=== Task to carry out ===
From the line with "- Vyvede z HDMI" to the line with "Work: Foil Print", retype each line exactly as it stands in the records below, but skip the pictures.

[[ Extracted records open ]]

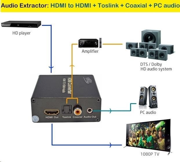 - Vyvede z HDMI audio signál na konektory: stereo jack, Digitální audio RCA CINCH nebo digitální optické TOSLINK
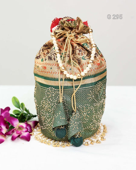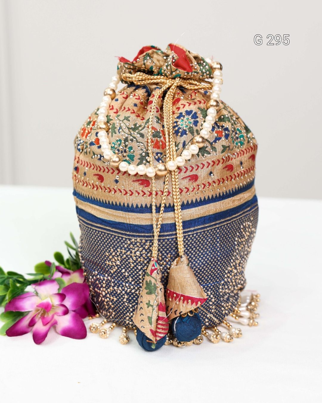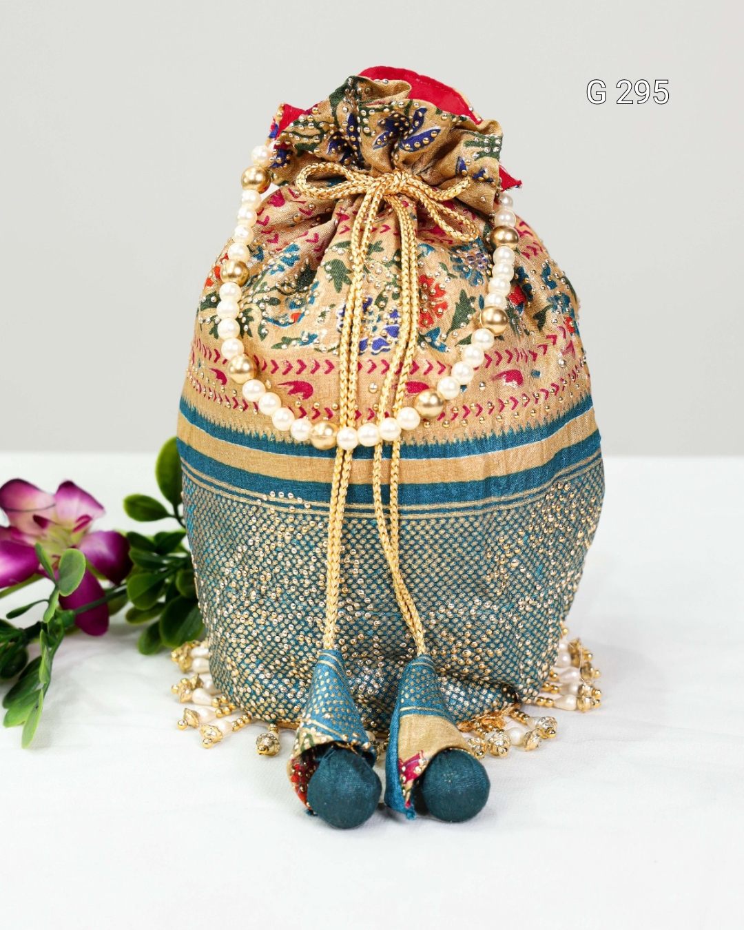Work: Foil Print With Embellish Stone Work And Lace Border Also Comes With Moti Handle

[[ Extracted records closed ]]
[[ Extracted records open ]]

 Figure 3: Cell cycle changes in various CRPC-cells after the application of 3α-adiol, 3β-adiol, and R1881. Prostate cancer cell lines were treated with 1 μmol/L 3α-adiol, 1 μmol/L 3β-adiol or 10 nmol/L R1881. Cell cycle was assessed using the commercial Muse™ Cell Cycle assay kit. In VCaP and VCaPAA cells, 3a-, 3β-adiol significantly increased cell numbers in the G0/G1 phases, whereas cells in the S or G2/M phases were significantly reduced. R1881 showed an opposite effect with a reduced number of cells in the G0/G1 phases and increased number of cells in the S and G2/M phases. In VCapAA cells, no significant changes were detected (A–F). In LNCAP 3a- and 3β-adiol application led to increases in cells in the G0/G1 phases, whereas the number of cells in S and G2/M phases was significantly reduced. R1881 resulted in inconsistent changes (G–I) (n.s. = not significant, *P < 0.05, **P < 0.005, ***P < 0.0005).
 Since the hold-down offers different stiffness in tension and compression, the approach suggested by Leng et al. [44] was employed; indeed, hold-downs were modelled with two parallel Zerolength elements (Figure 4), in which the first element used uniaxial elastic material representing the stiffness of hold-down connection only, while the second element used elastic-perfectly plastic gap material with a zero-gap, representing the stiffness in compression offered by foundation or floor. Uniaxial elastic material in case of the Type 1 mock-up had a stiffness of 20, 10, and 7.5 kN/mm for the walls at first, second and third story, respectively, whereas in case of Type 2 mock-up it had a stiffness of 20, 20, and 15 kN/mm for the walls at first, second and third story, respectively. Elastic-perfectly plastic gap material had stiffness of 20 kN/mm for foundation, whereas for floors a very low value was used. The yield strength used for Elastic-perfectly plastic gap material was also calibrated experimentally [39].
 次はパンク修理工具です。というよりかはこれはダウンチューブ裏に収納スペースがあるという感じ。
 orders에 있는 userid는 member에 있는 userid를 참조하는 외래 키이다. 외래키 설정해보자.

[[ Extracted records closed ]]
[[ Extracted records open ]]

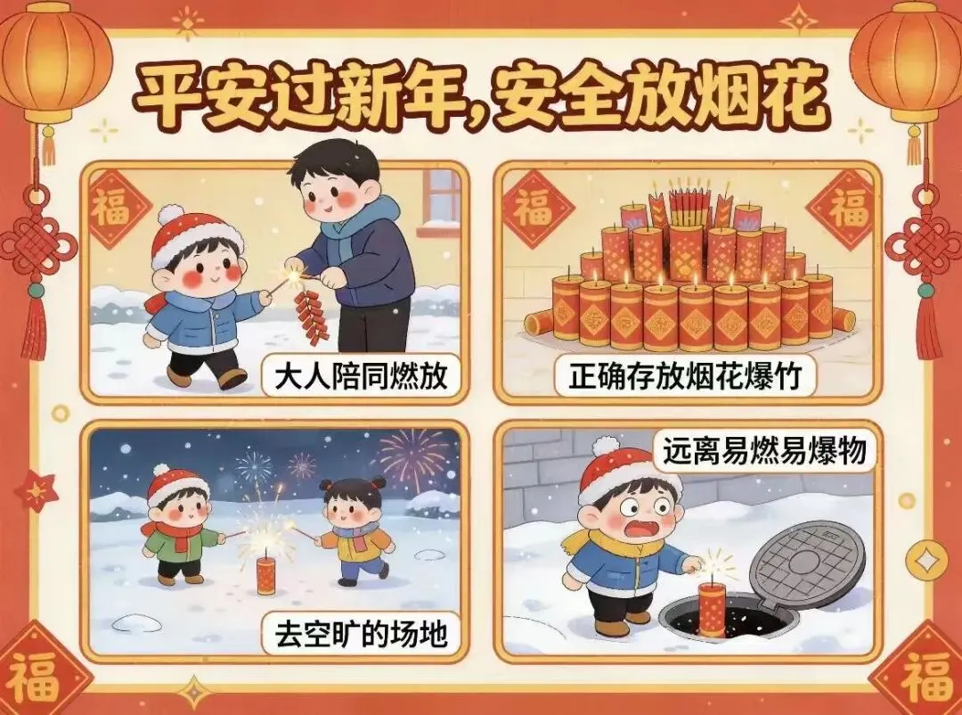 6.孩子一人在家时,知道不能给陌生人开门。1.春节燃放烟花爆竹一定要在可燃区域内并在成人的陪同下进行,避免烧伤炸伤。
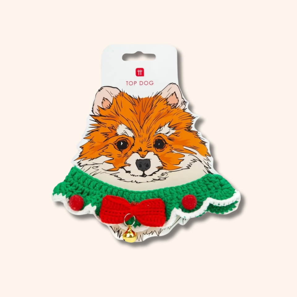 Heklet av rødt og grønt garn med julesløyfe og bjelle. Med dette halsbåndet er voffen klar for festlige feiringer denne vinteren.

[[ Extracted records closed ]]

=== Solved problem ===
 - Vyvede z HDMI audio signál na konektory: stereo jack, Digitální audio RCA CINCH nebo digitální optické TOSLINK
Work: Foil Print With Embellish Stone Work And Lace Border Also Comes With Moti Handle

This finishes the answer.